From top to bottom, retype the data exactly, passing over any picture.

■ MATERIAL PROVIDED:
----------------
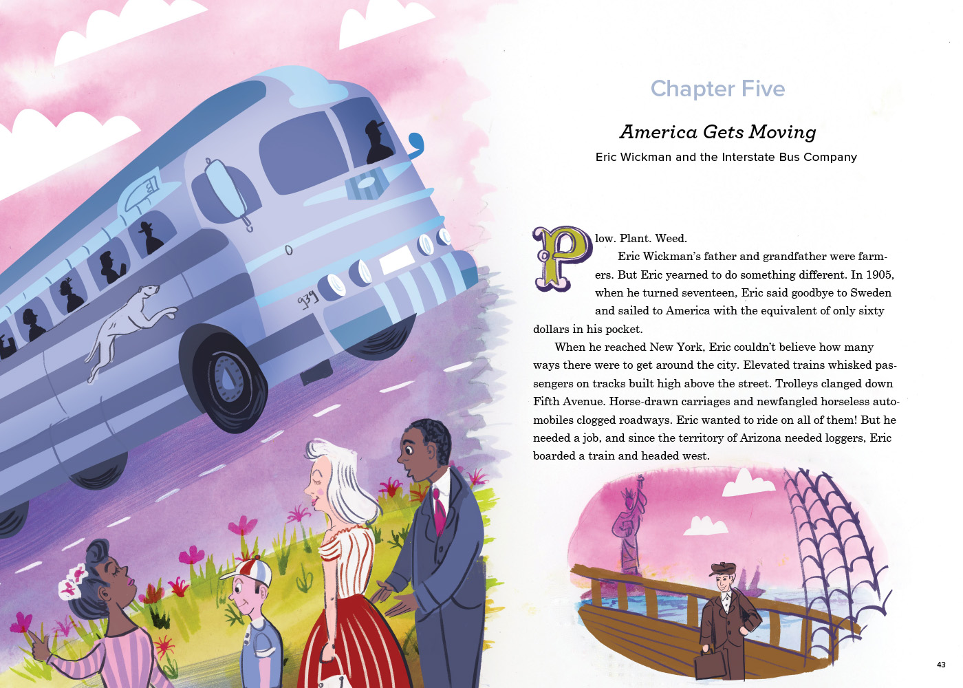 The idea for the first story actually came from my sister who had told me about a friend of a friend who was the granddaughter of the founder of the Greyhound Bus Company. It sounded like a fascinating story—my curiosity was piqued—and I dug deep into finding out more. After writing the rough draft and many rounds of revision and critique group feedback, my agent submitted it and we got interest from Ann. But the editor wasn’t sure if Eric and the bus were strong enough/popular enough to be a stand-alone picture book. Ann had an idea…would I be willing to write several more stories, similar in structure and tone, about the invention or creation of other things that move?
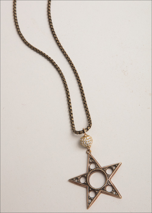Vintage Cast French Stare / Pave Crystal Bronze Chain / 16-18" Adjustable Length
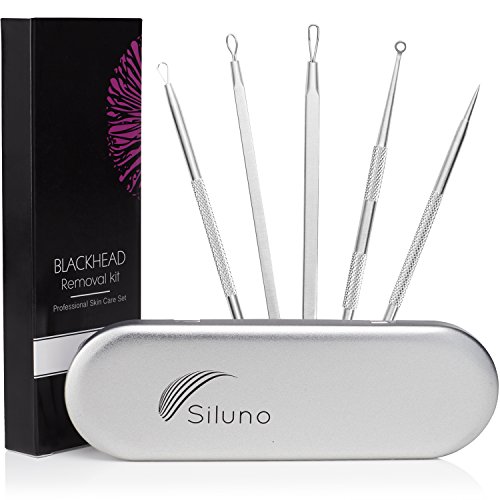 Top product of Siluno Siluno knows what matters and provides you with tools that completely helps. It is an alternative to products of Bestope. The 5-piece set helps you to remove pimples and blackheads in hard to reach places. Your skin care is simplified and more thoroughly than without the Blackhead Remover Set. The items are easy and safe to handle. By corrugations on the handles, a stable grip for the fingers is created. This means that your hands do not slip while you take care of your skin. Wounds because of pressing and wringing pimples is a thing of the past. The stainless steel ensures a long lifetime of your Blackhead Remover Set.
----------------
■ YOUR SOLUTION:
 The idea for the first story actually came from my sister who had told me about a friend of a friend who was the granddaughter of the founder of the Greyhound Bus Company. It sounded like a fascinating story—my curiosity was piqued—and I dug deep into finding out more. After writing the rough draft and many rounds of revision and critique group feedback, my agent submitted it and we got interest from Ann. But the editor wasn’t sure if Eric and the bus were strong enough/popular enough to be a stand-alone picture book. Ann had an idea…would I be willing to write several more stories, similar in structure and tone, about the invention or creation of other things that move?
Vintage Cast French Stare / Pave Crystal Bronze Chain / 16-18" Adjustable Length
 Top product of Siluno Siluno knows what matters and provides you with tools that completely helps. It is an alternative to products of Bestope. The 5-piece set helps you to remove pimples and blackheads in hard to reach places. Your skin care is simplified and more thoroughly than without the Blackhead Remover Set. The items are easy and safe to handle. By corrugations on the handles, a stable grip for the fingers is created. This means that your hands do not slip while you take care of your skin. Wounds because of pressing and wringing pimples is a thing of the past. The stainless steel ensures a long lifetime of your Blackhead Remover Set.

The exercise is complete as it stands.